INSTRUCTIONS FOR THE TASK
Print, from the listing below, the lines starting at the line containing "Desde 31 de" and ending at the line containing "中寧縣洺蒂醫(yī)療美容診", exactly as they stand, and print nothing else.

TASK INPUTS
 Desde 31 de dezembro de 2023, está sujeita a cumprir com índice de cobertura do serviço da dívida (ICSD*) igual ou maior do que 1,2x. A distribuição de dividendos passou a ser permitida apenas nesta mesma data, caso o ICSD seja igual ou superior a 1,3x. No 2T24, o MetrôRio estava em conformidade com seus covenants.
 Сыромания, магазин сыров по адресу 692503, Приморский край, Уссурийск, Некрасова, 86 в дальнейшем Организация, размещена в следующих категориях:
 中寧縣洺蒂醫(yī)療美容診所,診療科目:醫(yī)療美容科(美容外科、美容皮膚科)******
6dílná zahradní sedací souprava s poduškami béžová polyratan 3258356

==

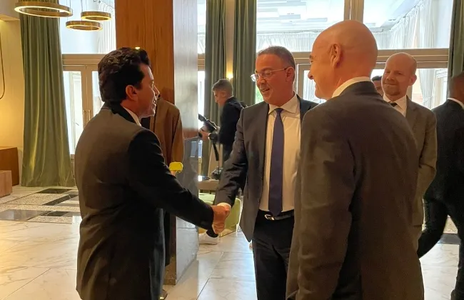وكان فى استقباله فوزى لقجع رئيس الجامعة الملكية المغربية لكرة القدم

OUTPUT
 Desde 31 de dezembro de 2023, está sujeita a cumprir com índice de cobertura do serviço da dívida (ICSD*) igual ou maior do que 1,2x. A distribuição de dividendos passou a ser permitida apenas nesta mesma data, caso o ICSD seja igual ou superior a 1,3x. No 2T24, o MetrôRio estava em conformidade com seus covenants.
 Сыромания, магазин сыров по адресу 692503, Приморский край, Уссурийск, Некрасова, 86 в дальнейшем Организация, размещена в следующих категориях:
 中寧縣洺蒂醫(yī)療美容診所,診療科目:醫(yī)療美容科(美容外科、美容皮膚科)******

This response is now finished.